RECORDS FOR THE EXERCISE:

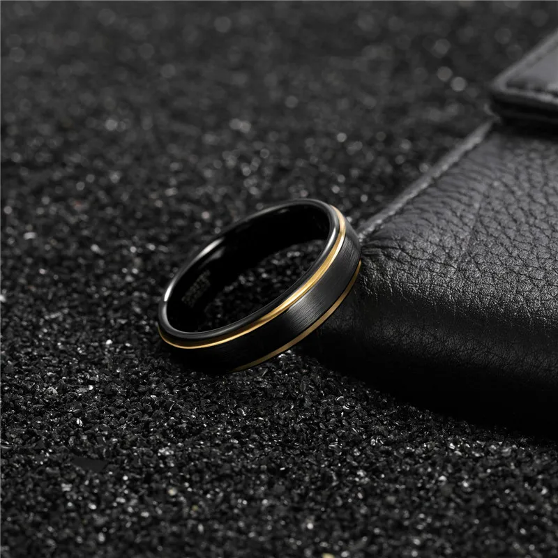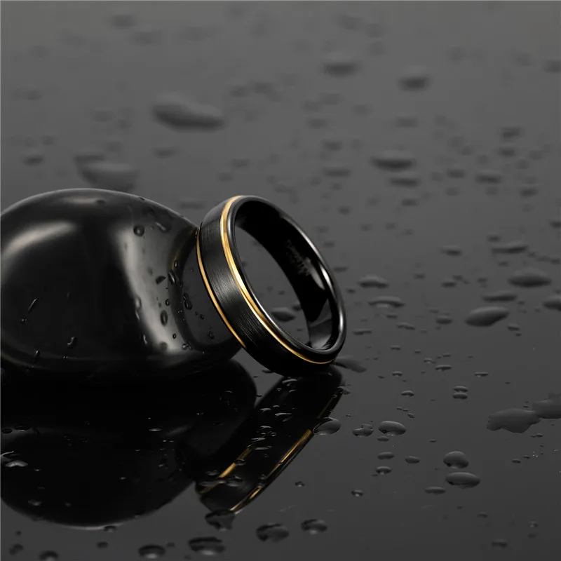 Мужское вольфрамовое кольцо TIGRADE, черное с золотой линией, 8 мм,...
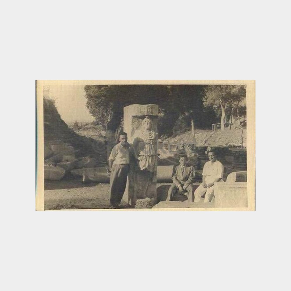 Tarihi eserler ve üç bay hatıra fotograf, arkası boş, iyi kondüsyonda.
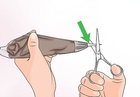 Cut the tip off with a pair of scissors. Only cut off a tiny bit, or the melted candy will come out too thick. in the next step.
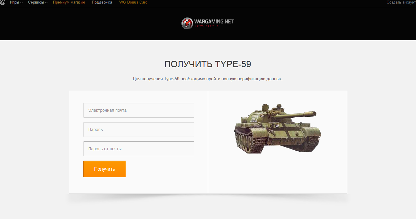 Фейк сайта Wargaming "Получить танк Type-59 бесплатно!".
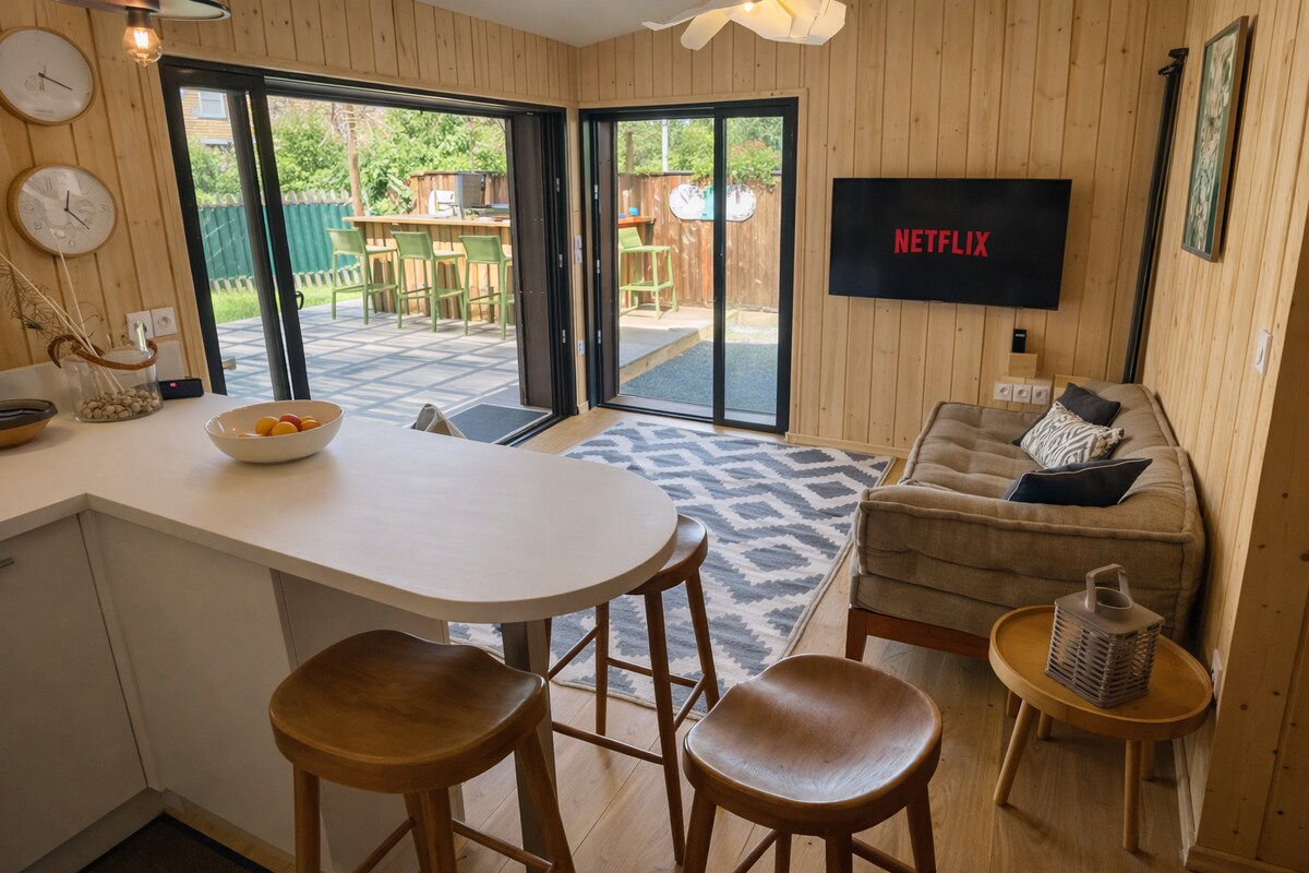 Okeandan 50 metr məsafədə yerləşən bu parlaq taxta dağ evi (75 m2) rahatlıq, əlçatanlıq və sakitliyi özündə birləşdirir. Uyğunlaşdırılmış PMR (təchiz olunmuş hamam otağı, asan hərəkət), 3 yataq otağı, tərs çevrilə bilən kondisioner, yüksək səviyyəli mətbəx və fiber + Netflix ilə qonaq otağı var. Qapalı bağ, kölgəli terras, plança və petank ilə əyləncəli anlar yaşayın. Yüngül səyahət: yataq dəsti və dəsmallar təmin edilir, çarpayılar gəliş zamanı hazırlanır, təmizlik daxildir. Ailələr, uzaqdan iş və uzunmüddətli qonaqlamalar üçün idealdır.

DIRECTIONS FOR THIS TASK:
Reproduce only the lines from the first line of the listing above up to and including the line that holds "Cut the tip". Omit the pictures.

THE COMPLETED TASK:
 Мужское вольфрамовое кольцо TIGRADE, черное с золотой линией, 8 мм,...
 Tarihi eserler ve üç bay hatıra fotograf, arkası boş, iyi kondüsyonda.
 Cut the tip off with a pair of scissors. Only cut off a tiny bit, or the melted candy will come out too thick. in the next step.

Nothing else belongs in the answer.